AH: I went back to Japan twice before the war. Once when I was quite young and then once in about, I think it was about '39, when I had, I had a sister who was born at our previous visit to Japan. And at that time, the American immigration laws would not allow her to be, to come to this country, even though she was my sister. And so she was left there. And a couple who had no children asked to take care of her. And by, it was, 1939, I think it was, she got ill, just, just in senior high school, and passed away. So that was the reason we went back to Japan. And at that time, Japan was at war in Manchuria. And every young male was being conscripted. And all my relatives told me to just, "Get out -- get out of Japan and go back to America."

LH: You mean to say even though you were an American citizen, that they could have...

AH: Didn't matter, didn't matter because I think we had dual citizenship. The, all the Japanese gave their children, I think, dual citizenship. So I came back by myself. And of course, after the war, or prior to the war, many of the dual citizenships were cancelled. But the parents, our parents, had attachment to Japan because that's the only country that they had. And so, I think that's the reason they chose to make their children citizens of Japan also.

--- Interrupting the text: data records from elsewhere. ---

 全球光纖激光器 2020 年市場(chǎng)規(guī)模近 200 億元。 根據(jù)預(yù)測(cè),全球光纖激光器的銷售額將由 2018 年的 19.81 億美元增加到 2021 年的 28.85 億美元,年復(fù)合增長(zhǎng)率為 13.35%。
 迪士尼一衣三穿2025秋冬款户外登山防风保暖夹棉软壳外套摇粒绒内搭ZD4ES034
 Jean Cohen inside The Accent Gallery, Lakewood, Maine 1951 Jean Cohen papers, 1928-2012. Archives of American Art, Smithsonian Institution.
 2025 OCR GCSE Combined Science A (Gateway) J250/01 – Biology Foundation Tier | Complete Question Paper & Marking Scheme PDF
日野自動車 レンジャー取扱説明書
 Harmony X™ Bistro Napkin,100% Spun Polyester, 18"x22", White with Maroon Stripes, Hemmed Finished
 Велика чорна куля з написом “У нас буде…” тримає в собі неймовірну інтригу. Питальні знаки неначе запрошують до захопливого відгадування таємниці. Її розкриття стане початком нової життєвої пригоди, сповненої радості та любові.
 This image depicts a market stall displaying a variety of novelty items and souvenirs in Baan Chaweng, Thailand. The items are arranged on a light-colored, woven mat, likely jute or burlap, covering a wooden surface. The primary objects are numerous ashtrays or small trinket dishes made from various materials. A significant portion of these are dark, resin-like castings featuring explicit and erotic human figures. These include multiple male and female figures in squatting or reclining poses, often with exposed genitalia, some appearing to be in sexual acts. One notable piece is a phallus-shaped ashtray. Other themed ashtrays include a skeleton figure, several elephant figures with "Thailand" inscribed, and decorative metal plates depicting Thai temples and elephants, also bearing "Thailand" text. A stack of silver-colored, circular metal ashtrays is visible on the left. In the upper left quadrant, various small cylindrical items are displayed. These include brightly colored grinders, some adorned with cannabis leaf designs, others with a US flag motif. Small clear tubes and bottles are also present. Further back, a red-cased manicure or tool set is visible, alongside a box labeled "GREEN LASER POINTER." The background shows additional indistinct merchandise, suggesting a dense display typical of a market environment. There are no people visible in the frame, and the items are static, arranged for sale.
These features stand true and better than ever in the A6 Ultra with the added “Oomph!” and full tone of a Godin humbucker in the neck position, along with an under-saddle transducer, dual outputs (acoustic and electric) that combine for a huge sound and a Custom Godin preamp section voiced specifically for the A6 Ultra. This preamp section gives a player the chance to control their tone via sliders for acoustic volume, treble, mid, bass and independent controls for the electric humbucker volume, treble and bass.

LH: Being that you had a way to see two countries, how did it affect, affect how you thought of the two? Could you compare them?

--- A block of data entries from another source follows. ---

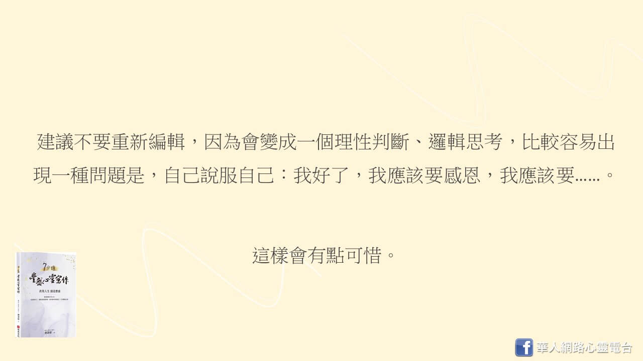 如果是我,我會建議不要重新編輯,因為它會變成一個理性判斷、邏輯思考,比較容易出現一種問題是,有時候我們反而會自己說服自己:我好了,我應該要感恩,我應該要……。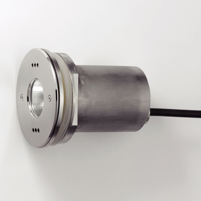水中壁面に設置するタイプの水中照明シリーズです。灯具と設置ボックスは容易に取り外しができる構造です。LEDを使用した水中照明の中では最大級のパワーをもつ、13WのLEDを使用しています。パワーのある光は水中を明るく照らしだします。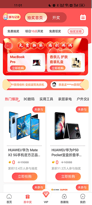 各种福利抽奖放送,非常有机会零元抢购大牌手机平板;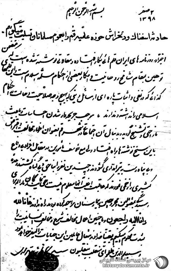 حادثه اسفناک و دلخراش حوزه علمیه قم را به عموم مسلمانان تسلیت میگوییم. اخیراً در روزنامههای ایران قلمهایی به کار افتاده و مقالاتی نوشته شده است که متضمن توهین به مقام شامخ روحانیت و افکار بعضی از احکام مسلمه اسلام است و این قلمهای کذائی که در نفی و اثبات پارهای از مسائل دینی که به هیچ وجه صلاحیت دخالت در احکام اسلامی را نداشته و ندارند، موجب جریحهدار شدن احساسات و باعث ناراحتی و تشنج گردید و به دنبال آن اجتماعاتی در شهرهای قم به عنوان اظهار مخالفت و اعتراض به این سنخ نوشتهها به راه افتاد ولى معالاسف مأمورین در مقابل افراد بیدفاع و بیپناه دست به تیراندازی گشودند و چندین نفر را به ناحق و بیگناه کشتند و عدهی کثیری را زخمی نمودند که عاقبت اغلب آنها معلوم نیست و حتی نمایندگان را که برای رسیدگی به مقتولین و مجروحین به بیمارستان مراجعه کرده بودند راه ندادند فانالله وانا الیه راجعون و ما چنین اعمال مخالف شرع و مخالف انسانیت را به شدت محکوم میکنیم و یقیناً خداوند متعال عاملین این جنایت را کیفر خواهد نمود. و سیعلم الذین ظلمو ای منقلب ینقلبون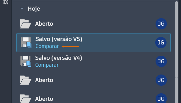 Quando você usa as Informações de atividade com um provedor de armazenamento na nuvem suportado, como o Forma Data Management, o Google Drive, o OneDrive, o Box ou o Dropbox, uma nova versão de cada desenho é gravada cada vez que você salvar. Clique em Comparar em cada quadro de versão para comparar versões anteriores e atuais com facilidade.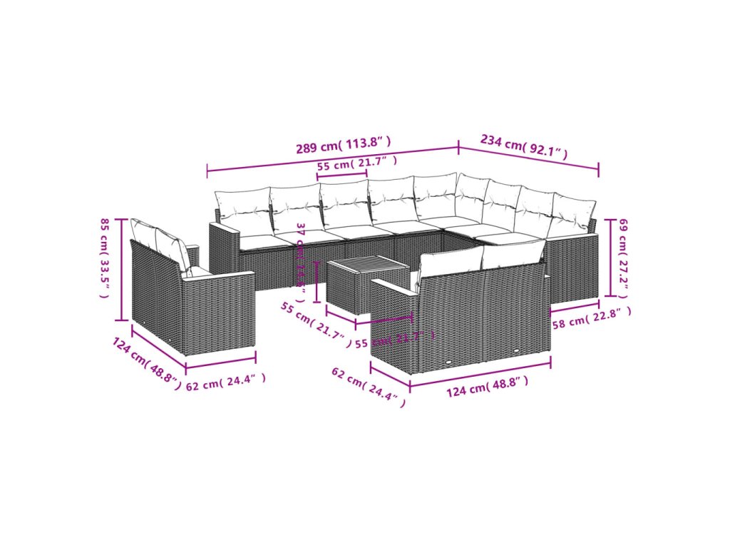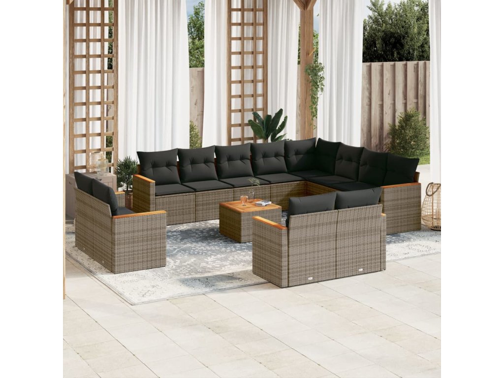 13dílná zahradní sedací souprava s poduškami šedá polyratan 3226522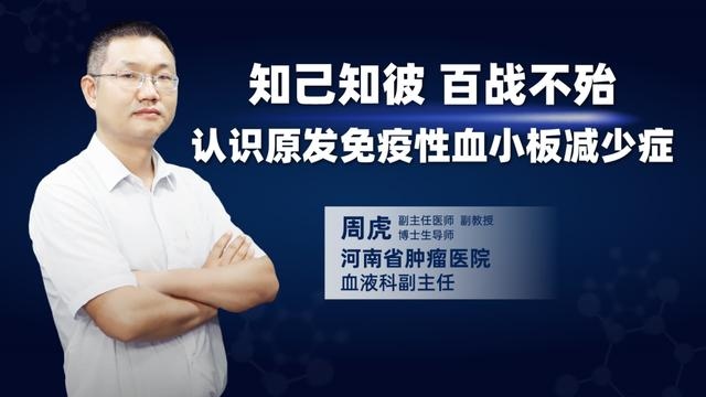 大河新健康融媒体渠道联合上海报业集团旗下“海上名医”渠道,特邀河南省肿瘤医院血液科副主任周虎,带来《知己知彼,百战不殆:知道原发免疫性血小板削减症》视频直播。

AH: Well, the first time, I can't remember too well. But the second time I went back, I felt like a foreigner, and yet suddenly, here I was surrounded by all Japanese, familiar places and I really felt at home. Because until then I associated only Nihonjins in the Japanese community in this country. But aside from that I didn't like the conditions that they had to live in. And I would much prefer this country. But I still remember that feeling of, somehow or other, it felt expanded, that you were a part, a wholehearted part of the community.